Li Qiye bergegas keluar dengan terkejut sementara Lan Yunzhu dan Lu Baiqiu mengikutinya tepat di belakang. Mereka menatap langit dengan takjub. Namun, mereka tidak sendirian, semua penghuni Dunia Nether Suci juga khawatir.
Langit tenang di siang hari, tetapi sekarang tiba-tiba menjadi gelap. Seluruh Dunia Nether Suci diselimuti kegelapan. Bahkan leluhur, guru legendaris, dan makhluk abadi pun ketakutan. Banyak sekali karakter tak terkalahkan muncul dari Batu Era Darah mereka.
Bahkan para ahli ini pun tidak dapat melihat menembus langit dan memahami apa yang menutupi seluruh Dunia Nether Suci.
Kegelapan ini menakutkan semua orang karena beberapa orang percaya bahwa itu adalah akhir dunia.
Kegelapan itu tidak berlangsung lama, kira-kira selama waktu yang dibutuhkan untuk minum secangkir teh. Kegelapan itu menghilang dan langit kembali ke warna biru aslinya seolah-olah tidak terjadi apa-apa.
“Apa… apa yang terjadi di sini?” Lu Baiqiu tergagap ketakutan.
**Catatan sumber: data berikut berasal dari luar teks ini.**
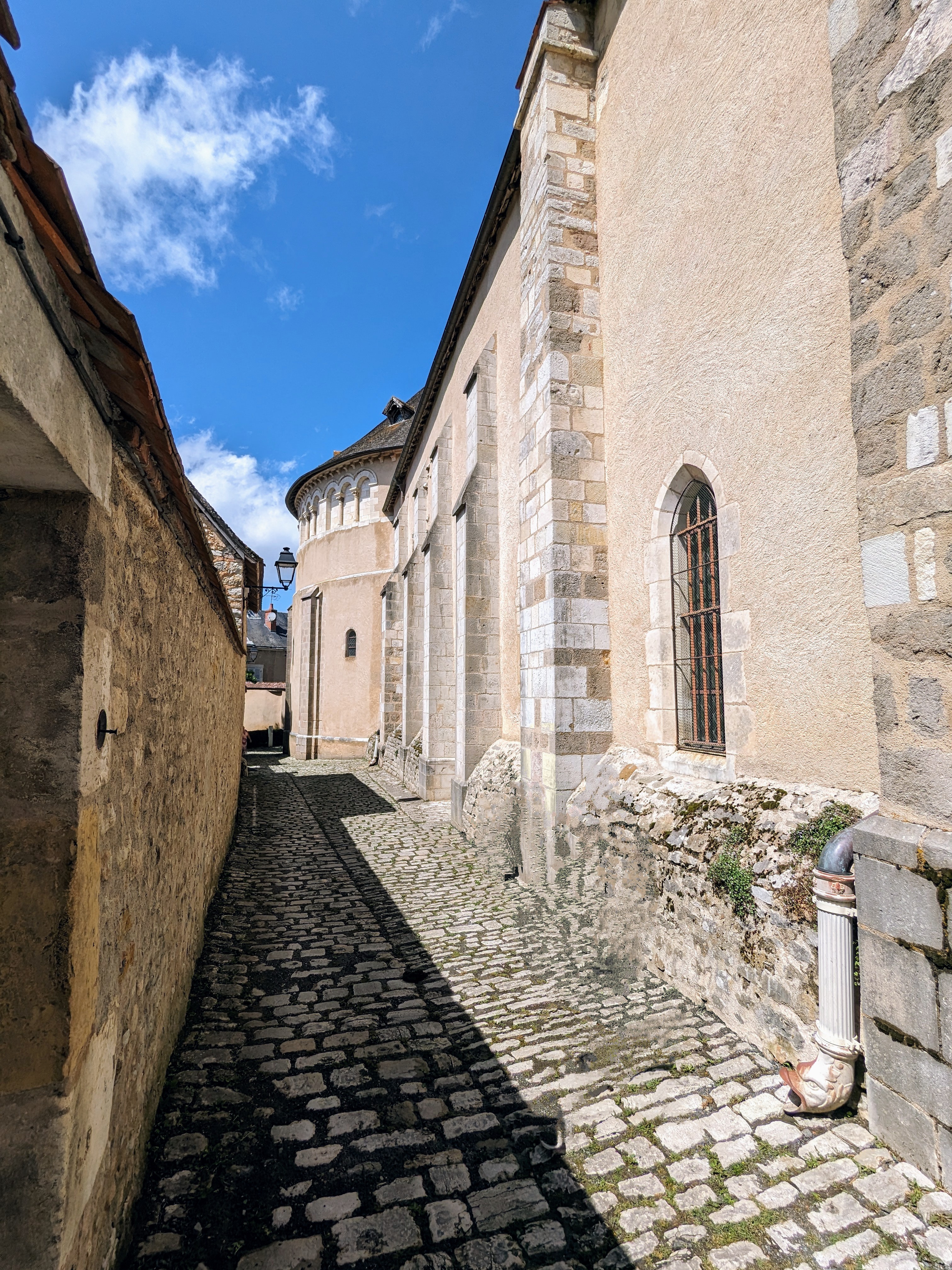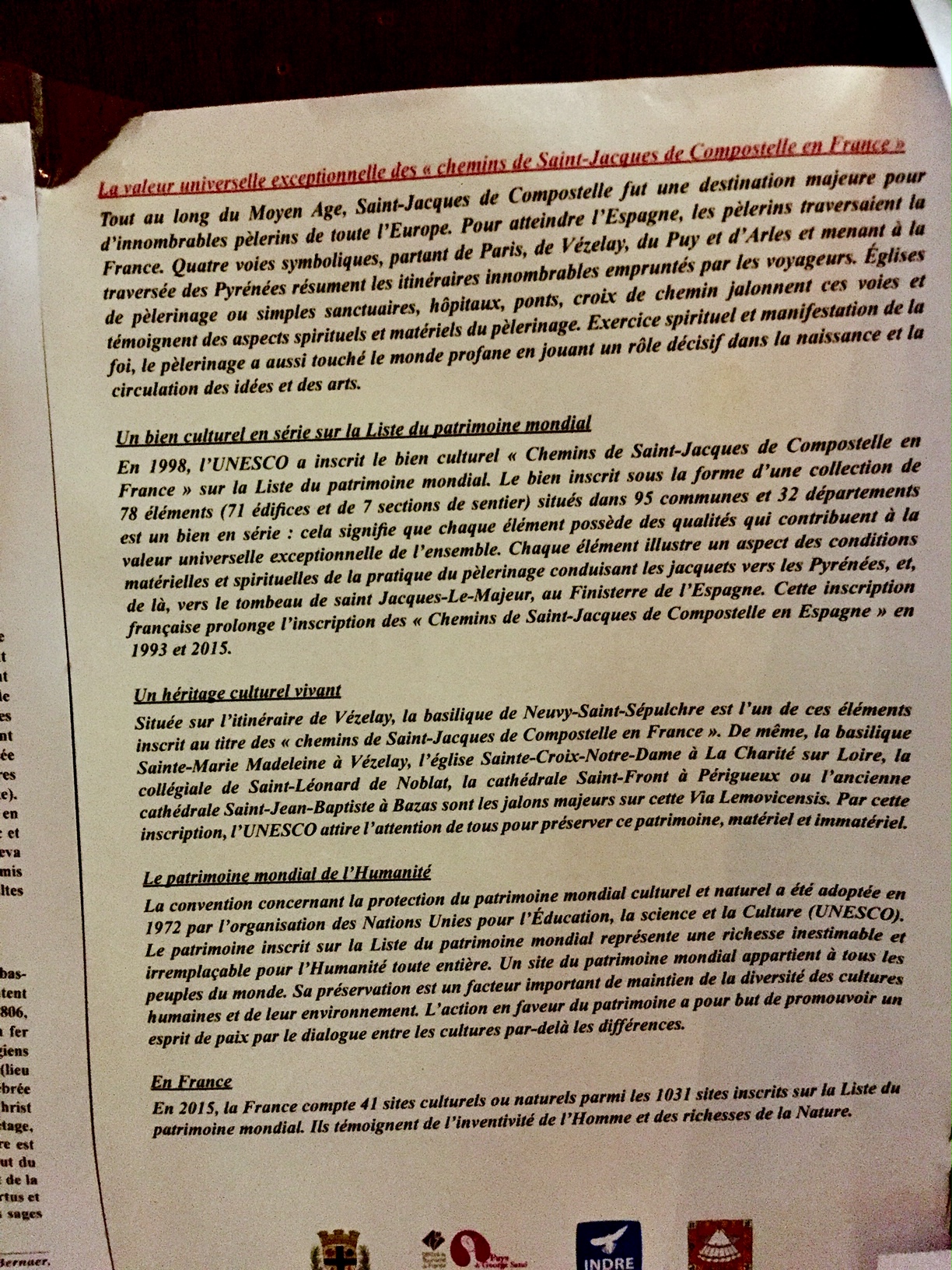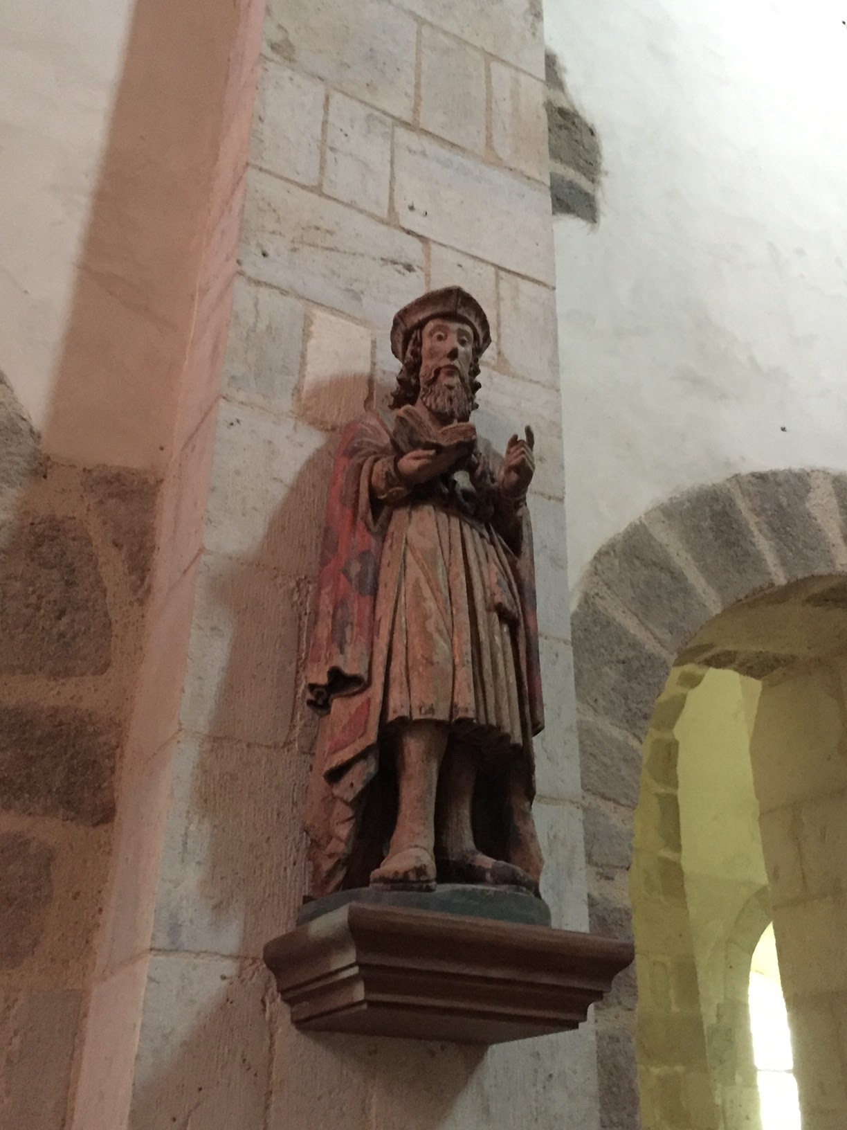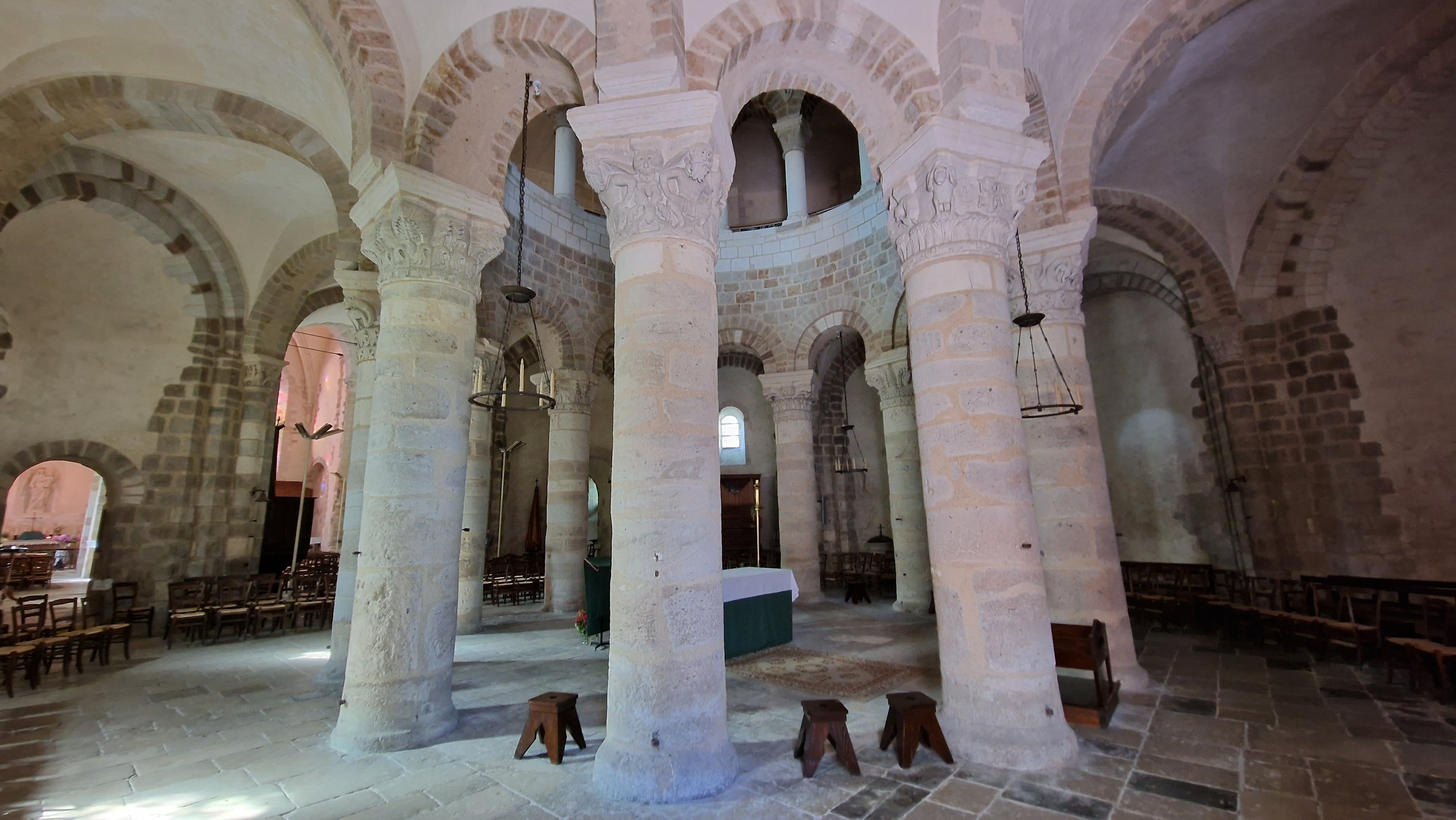 De la rue, cet édifice, classé a l'UNESCO, situé sur la voie de Vézelay vers Compostelle, semble coincé entre la route principale et une ruelle. De l'extérieur, on ne peut présager du joyaux que l'on va trouver à l'intérieur. Magnifique rotonde, construite par le seigneur du village qui revenant des croisades voulait que les villageois qui ne pourraient se rendre en Orient puisse avoir une copie du st Sépulchre. Plus petit 11 piliers et non 14 comme à Jérusalem. Une nef à été ajoutée plus tard. Viollet le Duc a changé la coupole originelle pour un toit chapeau chinois. Dans une chapelle, un reliquaire contiendrait 3 gouttes de sang du Christ et un clou de la croix. Comme nous avons visité le matin, nous n'avons pas pu voir l'expo sur la galerie supérieure. Mérite une visite

Ini adalah hal paling menakutkan yang pernah dialaminya dalam hidupnya. Seluruh Dunia Nether Suci telah diselimuti tirai gelap. Meskipun sangat singkat, itu masih cukup untuk membuat siapa pun merinding.
Li Qiye terus menatap langit tanpa berkata apa-apa. Seolah-olah dia ingin melihat menembusnya. Li Qiye yang selalu acuh tak acuh kali ini menunjukkan ekspresi yang bermartabat.
Setelah beberapa saat, Lan Yunzhu bertanya: “Apa sebenarnya yang terjadi barusan?” Mengingat kejadian sebelumnya membuatnya takut. Dia membuka pandangan surgawinya tetapi masih tidak bisa melihat menembus langit, apalagi apa yang menyelimuti Dunia Bawah Suci.
Li Qiye menarik napas dalam-dalam dan berkata kepada Lan Yunzhu: “Pergi, perintahkan orang-orang untuk melihat apakah pulau mitos yang hilang itu masih ada di sana.”
Lan Yunzhu segera melakukannya. Pasukan Seribu Ikan Mas telah mengawasi pulau itu, tetapi mereka tidak ingin sembarangan memasukinya sebelum mengetahui situasi dengan jelas.
Dengan sangat cepat, beberapa murid kembali dengan kabar. Lan Yunzhu melaporkan: “Pulau mitos yang hilang itu sudah tidak ada lagi. Ketika kegelapan menyelimuti langit, banyak orang masih berada di laut, termasuk leluhur dari beberapa kekuatan besar. Namun, mereka tidak melihat bagaimana pulau itu menghilang. Begitu kegelapan menghilang, pulau itu pun lenyap.”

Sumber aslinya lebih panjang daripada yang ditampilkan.